TASK REQUIREMENTS:
Could you reproduce, from the records below, everything from the line with "Luftpistole Feinwerkbau Modell" down to the line with "다음으로 넘어가 주세요.", keeping both of those lines and changing nothing?

------ EXTRACTED MATERIAL ------

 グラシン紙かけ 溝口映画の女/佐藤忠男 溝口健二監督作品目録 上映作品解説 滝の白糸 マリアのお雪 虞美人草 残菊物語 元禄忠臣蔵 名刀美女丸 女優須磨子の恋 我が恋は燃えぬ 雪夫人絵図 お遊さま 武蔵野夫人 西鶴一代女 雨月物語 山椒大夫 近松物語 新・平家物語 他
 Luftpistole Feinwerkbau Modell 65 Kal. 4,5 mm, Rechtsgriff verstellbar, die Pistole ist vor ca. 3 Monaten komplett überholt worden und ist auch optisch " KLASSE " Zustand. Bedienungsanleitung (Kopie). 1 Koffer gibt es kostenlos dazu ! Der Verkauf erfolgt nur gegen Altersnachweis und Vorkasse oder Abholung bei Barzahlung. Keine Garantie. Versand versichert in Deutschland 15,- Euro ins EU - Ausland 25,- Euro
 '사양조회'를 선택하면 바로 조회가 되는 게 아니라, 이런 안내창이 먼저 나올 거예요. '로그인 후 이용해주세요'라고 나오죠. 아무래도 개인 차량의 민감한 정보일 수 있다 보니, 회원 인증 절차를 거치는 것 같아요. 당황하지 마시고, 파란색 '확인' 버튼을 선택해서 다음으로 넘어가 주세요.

------
------ EXTRACTED MATERIAL ------

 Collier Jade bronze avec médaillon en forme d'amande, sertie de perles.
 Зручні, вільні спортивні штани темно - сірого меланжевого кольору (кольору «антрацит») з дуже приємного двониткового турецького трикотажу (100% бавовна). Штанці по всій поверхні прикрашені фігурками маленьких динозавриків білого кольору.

------

EXERCISE ANSWER:
 Luftpistole Feinwerkbau Modell 65 Kal. 4,5 mm, Rechtsgriff verstellbar, die Pistole ist vor ca. 3 Monaten komplett überholt worden und ist auch optisch " KLASSE " Zustand. Bedienungsanleitung (Kopie). 1 Koffer gibt es kostenlos dazu ! Der Verkauf erfolgt nur gegen Altersnachweis und Vorkasse oder Abholung bei Barzahlung. Keine Garantie. Versand versichert in Deutschland 15,- Euro ins EU - Ausland 25,- Euro
 '사양조회'를 선택하면 바로 조회가 되는 게 아니라, 이런 안내창이 먼저 나올 거예요. '로그인 후 이용해주세요'라고 나오죠. 아무래도 개인 차량의 민감한 정보일 수 있다 보니, 회원 인증 절차를 거치는 것 같아요. 당황하지 마시고, 파란색 '확인' 버튼을 선택해서 다음으로 넘어가 주세요.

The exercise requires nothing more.